[Stored records]
++++++++
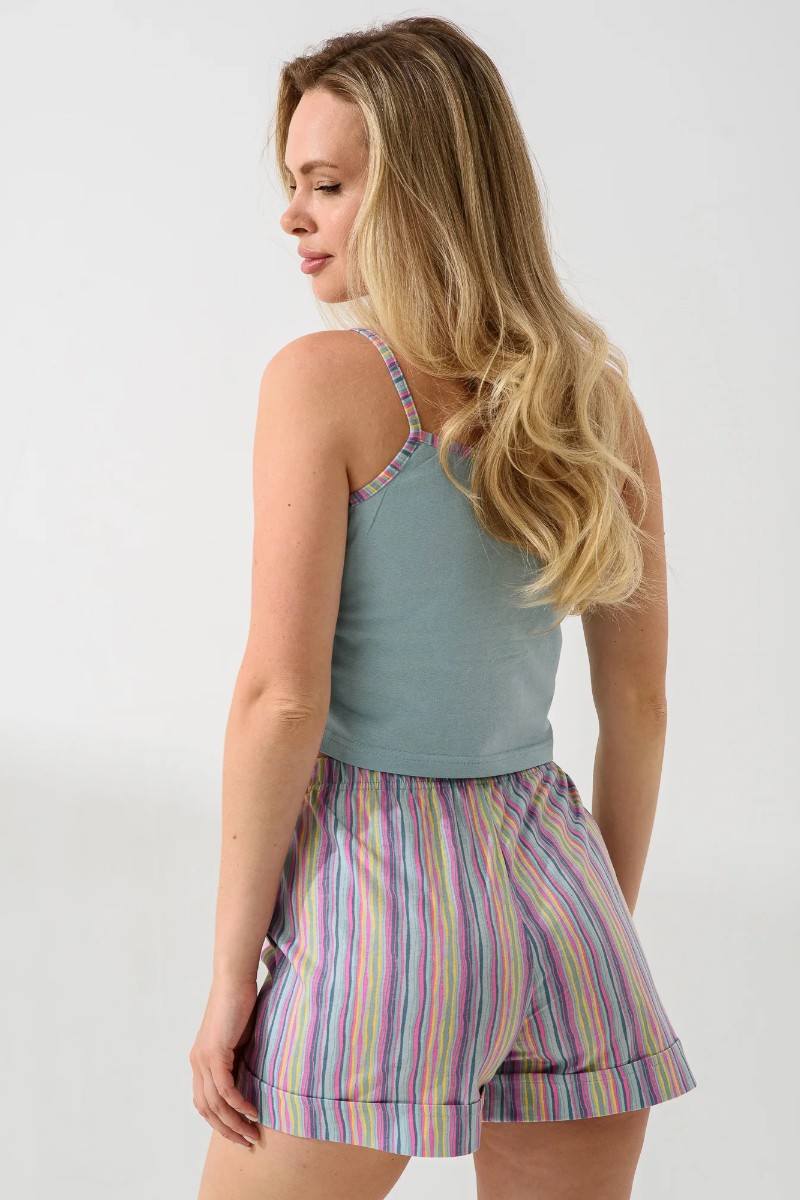 Представляем Вашему вниманию легкую женскую пижаму, сшитую из 100% хлопка. Комплект имеет яркую расцветку, которая интересно смотрится и поднимает настроение. Изделие красиво сидит на фигуре и подчеркивает её достоинства. В ней Ваш сон будет максимально приятным и расслабляющим.
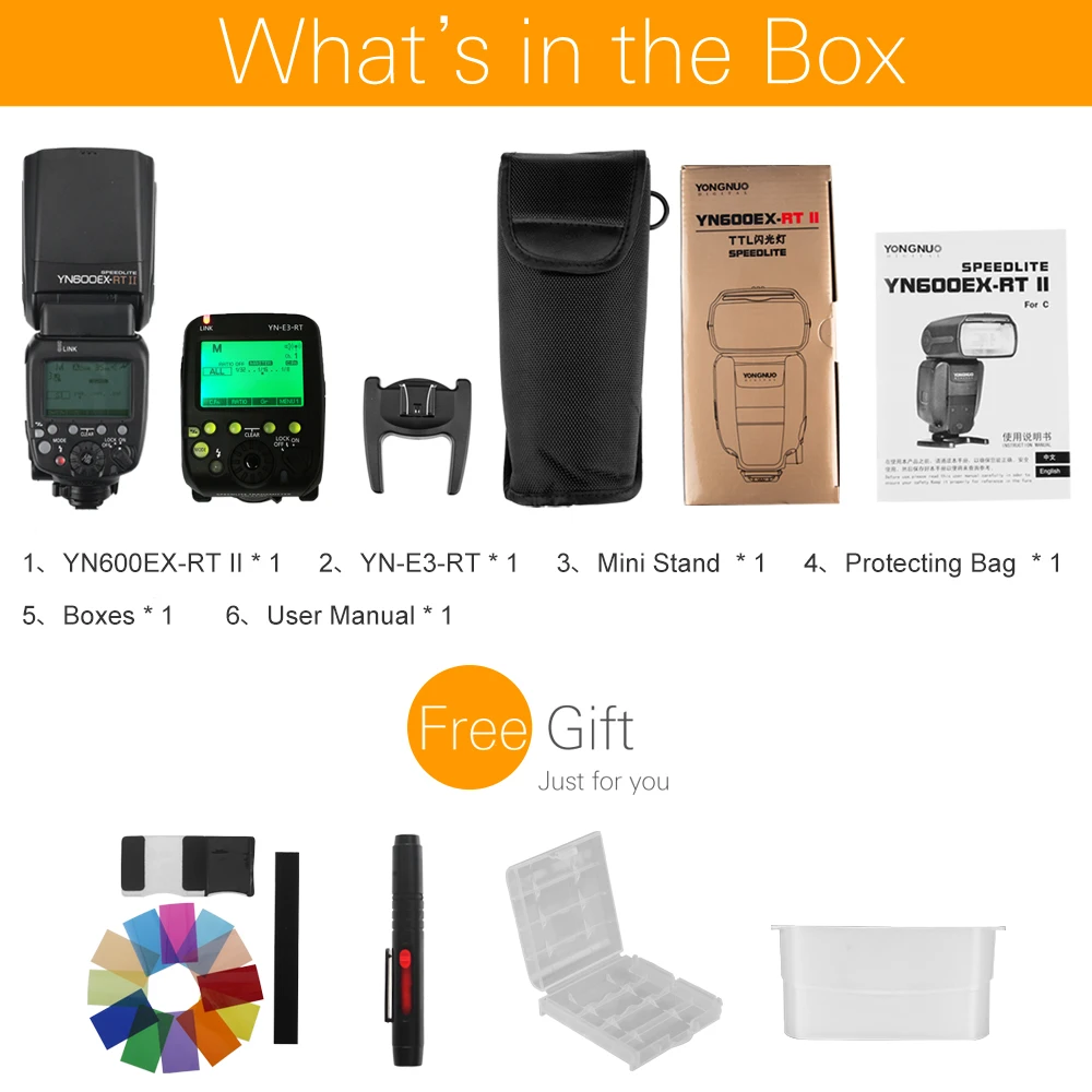 Светодиодная лампа для видеосъемки YONGNUO YN600EX-RT II 2,4G Беспроводной вспышка для фотокамер Speedlite HSS 1/8000s мастер Вспышка Speedlite для Canon Камера как 600EX-RT YN600EX RT + подарочный наборОсобенности:
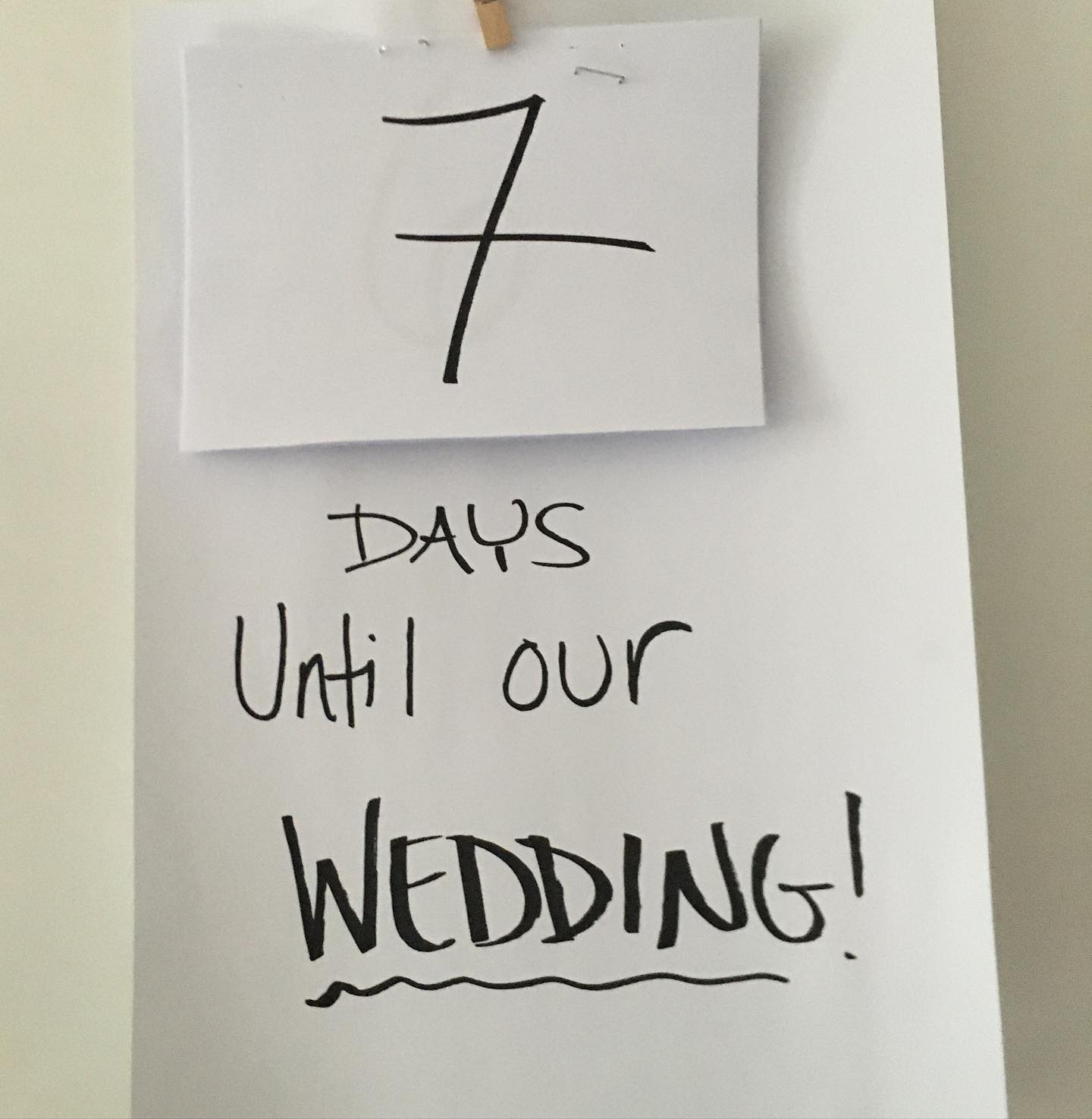 We made a countdown that hangs in our kitchen. It began in the 30 day range and this morning when Ana, with flare, pulled of the day it revealed that we are a week out from our wedding day! It is all coming together. We are spending a lot of time talking through what needs to be done and the logistics to get there but whenever I get a bit overwhelmed Ana says, “Remember, two months ago we couldn’t have a celebration. This is all bonus.”
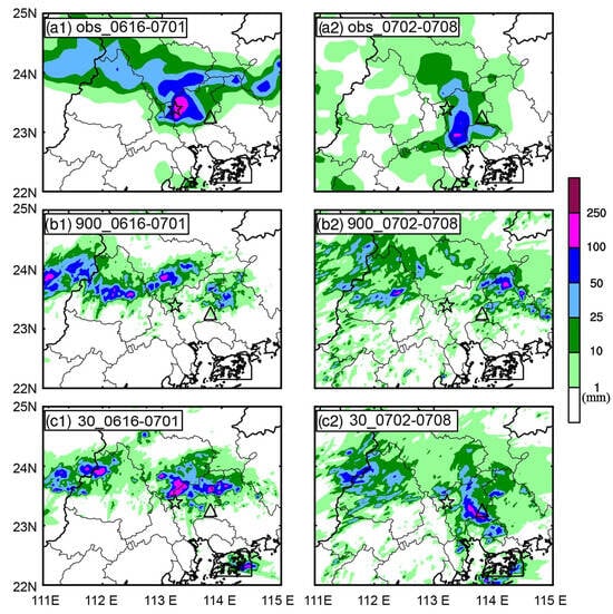 Observed and simulated accumulative precipitation (shaded, mm). The pentagram denotes Huadu, and the triangle denotes Zengcheng: (a1,a2) observed; (b1,b2) CTL_900; (c1,c2) GLC_30; (a1–c1) Stage 1: from 1600 UTC on 6 May to 0100 UTC on 7 May 2017; (a2–c2) Stage 2: from 0100 to 0800 UTC on 7 May.
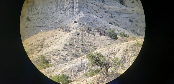 Circle plate near the center is 400yds, buffalo is 780yds in this image through my Leupold 10x binos mounted to the tripod:
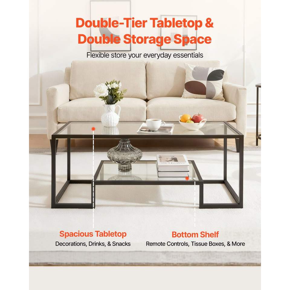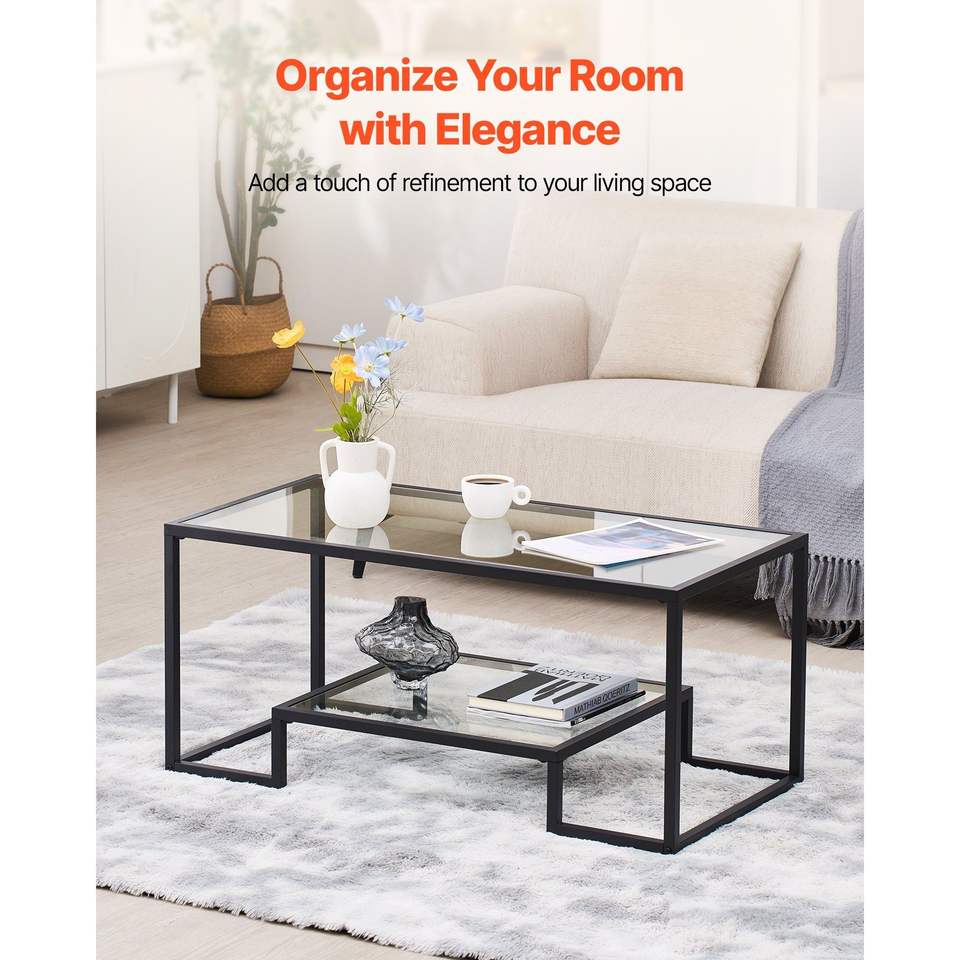 Tavolino da Caffè Moderno a 2 Ripiani in Vetro Temperato con Vano Portaoggetti Aperto, Scrivania Centrale Rettangolare in Metallo Robusto e Minimalista per Casa o Ufficio
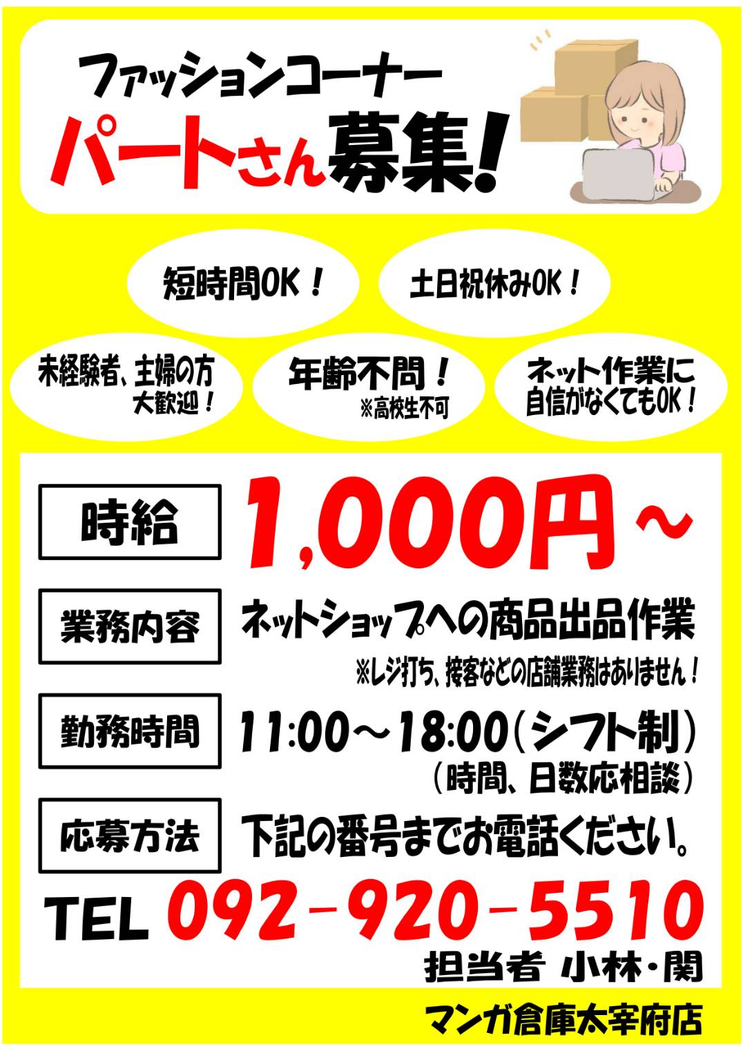 ■ファッションコーナーパートさん募集中!◆#マンガ倉庫 #マンガ倉庫太宰府店 #福岡 #春日 #筑紫野 #太宰府 #大野城 #パート #パート募集■ ファッション 求人 2025年4月26日 マンガ倉庫太宰府店では、ファッションコーナーの商品をネットショップに出品する作業をしていただけるパートさんを大募集中でございます!! 土日祝休み、短時間OK! 簡単な作業なので、主婦の方やネット作業に自信の無い未経験の方も大歓迎です! お気軽にご応募下さい! 担当者:小林または関あてにお電話お願いします。 ★店舗《Instagram / Twitter》フォローお願いします★ ★買取告知・イベント情報はこちら★ ★各部門の買取・入荷情報はこちら★ 共有: クリックして X で共有 (新しいウィンドウで開きます) X Facebook で共有するにはクリックしてください (新しいウィンドウで開きます) Facebook
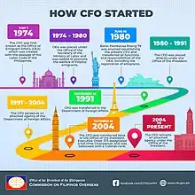 The evolution of the Commission on Filipinos Overseas can be traced with the passage of Presidential Decree No. 442 (Labor Code of the Philippines), which was enacted in 1974, creating the Office of Emigrant Affairs, along with the Overseas Employment Development Board (now POEA) among other offices created.[2]
++++++++
ASSIGNMENT:
Without the pictures, give all of the entries above again exactly.

ANSWER FOR THE TASK:
 Представляем Вашему вниманию легкую женскую пижаму, сшитую из 100% хлопка. Комплект имеет яркую расцветку, которая интересно смотрится и поднимает настроение. Изделие красиво сидит на фигуре и подчеркивает её достоинства. В ней Ваш сон будет максимально приятным и расслабляющим.
 Светодиодная лампа для видеосъемки YONGNUO YN600EX-RT II 2,4G Беспроводной вспышка для фотокамер Speedlite HSS 1/8000s мастер Вспышка Speedlite для Canon Камера как 600EX-RT YN600EX RT + подарочный наборОсобенности:
 We made a countdown that hangs in our kitchen. It began in the 30 day range and this morning when Ana, with flare, pulled of the day it revealed that we are a week out from our wedding day! It is all coming together. We are spending a lot of time talking through what needs to be done and the logistics to get there but whenever I get a bit overwhelmed Ana says, “Remember, two months ago we couldn’t have a celebration. This is all bonus.”
 Observed and simulated accumulative precipitation (shaded, mm). The pentagram denotes Huadu, and the triangle denotes Zengcheng: (a1,a2) observed; (b1,b2) CTL_900; (c1,c2) GLC_30; (a1–c1) Stage 1: from 1600 UTC on 6 May to 0100 UTC on 7 May 2017; (a2–c2) Stage 2: from 0100 to 0800 UTC on 7 May.
 Circle plate near the center is 400yds, buffalo is 780yds in this image through my Leupold 10x binos mounted to the tripod:
 Tavolino da Caffè Moderno a 2 Ripiani in Vetro Temperato con Vano Portaoggetti Aperto, Scrivania Centrale Rettangolare in Metallo Robusto e Minimalista per Casa o Ufficio
 ■ファッションコーナーパートさん募集中!◆#マンガ倉庫 #マンガ倉庫太宰府店 #福岡 #春日 #筑紫野 #太宰府 #大野城 #パート #パート募集■ ファッション 求人 2025年4月26日 マンガ倉庫太宰府店では、ファッションコーナーの商品をネットショップに出品する作業をしていただけるパートさんを大募集中でございます!! 土日祝休み、短時間OK! 簡単な作業なので、主婦の方やネット作業に自信の無い未経験の方も大歓迎です! お気軽にご応募下さい! 担当者:小林または関あてにお電話お願いします。 ★店舗《Instagram / Twitter》フォローお願いします★ ★買取告知・イベント情報はこちら★ ★各部門の買取・入荷情報はこちら★ 共有: クリックして X で共有 (新しいウィンドウで開きます) X Facebook で共有するにはクリックしてください (新しいウィンドウで開きます) Facebook
 The evolution of the Commission on Filipinos Overseas can be traced with the passage of Presidential Decree No. 442 (Labor Code of the Philippines), which was enacted in 1974, creating the Office of Emigrant Affairs, along with the Overseas Employment Development Board (now POEA) among other offices created.[2]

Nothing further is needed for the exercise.